John S. Gobin

Personal information
- Nationality: American
- Occupation: Polo player
- Years active: 1990s–present
- Children: 1 daughter

Sport
- Sport: Polo
- Club: Great Meadow Polo Club

= John Gobin (polo) =

American six-goal polo player

John S. Gobin is an American six-goal polo player. He won the Westchester Cup in 1992, and has managed the Great Meadow Polo Club in Virginia since 2007.

==Early life==
John S. Gobin grew up in Rehoboth, Massachusetts. He began playing arena polo in interscholastic competitions at the age of fifteen. From the age of seventeen to nineteen, he trained to become a polo player in Argentina.

==Polo==
He began his career by playing with polo patron Geoffrey Kent, the founder of Abercrombie & Kent. He then played on the Budweiser Polo Team.
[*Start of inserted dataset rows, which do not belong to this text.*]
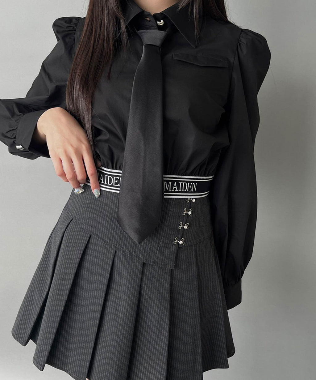 軽い着心地の綿素材で仕立てたブラウスとネクタイがセットになったスタイリッシュなアイテム。
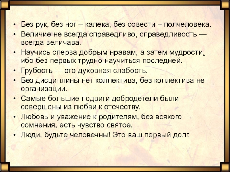 Слайд 4Без рук, без ног – калека, без совести – полчеловека.
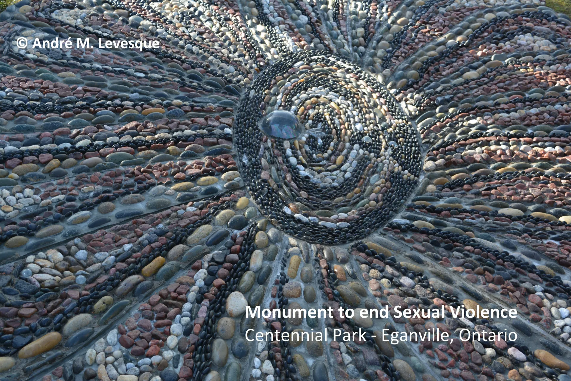 The concept was to produce a large or 'anchor' monument in Eganville with its 'sister' monuments to be located on the three other sites. Members of the community were invited to help build the four mosaic public artworks that consisted of 29 components for the main monument and three others for the sister monuments. After sorting five tons of stone for the monuments, the components were built on tables one pebble at a time and after completion of the pouring and curing process, they were released from their molds. Within First Nations cultures stones are called 'grandfathers' and are living with spirits. Stones and rocks are wise and sacred because of everything they have seen and experienced. Rocks have spirits that guide and assist us. It is befitting that the first-ever monument in Canada dedicated to survivors of sexual violence is made of stone. While the Pembroke sister monument was unveiled on 14 October 2016, the remainder of the monuments were unveiled separately the following day. Project funding was provided by the Government of Ontario. Depicted in the photograph are details from the principal monument of the Countdown Public Art Project.

He is now a six-goal polo player.

He won the Westchester Cup alongside Adam Snow, Owen Rinehart and Robert E. Walton at the Guards Polo Club in England in 1992. He won the Camacho Cup on the American team against Mexico in 2009. He has competed on several USA Teams including for the International Polo Tour global polo matches and Team USA against Argentina. He has also played on the Duck Hill Polo Team at the Aiken Polo Club in Aiken, South Carolina. He has also won the U.S. Arena Championships four times and competed on the United States Polo Team against Italy in the America's Polo Cup winning the world cup in 2011. Today he plays on the IPT TEAM USA sponsored by Celebrity Cruises & Hotels at Sea global polo programs.

He has been the manager of the Great Meadow Polo Club in The Plains, Fauquier County, Virginia since 2007.

==Personal life==
He winters in Wellington, Florida, and summers in The Plains, Virginia. He also owns the Four Oaks Farm in Aiken, South Carolina. His wife is an equine veterinarian. They have a daughter.

In March 2024, Gobin was accused by several women of having committed sexual harassment and misconduct when they were teenagers. He counter-sued one of the women and his former business partner in May 2024. Since June 6, 2024, he is the subject of two arrest warrants in Virginia for the misdemeanor of consensual sex with minors.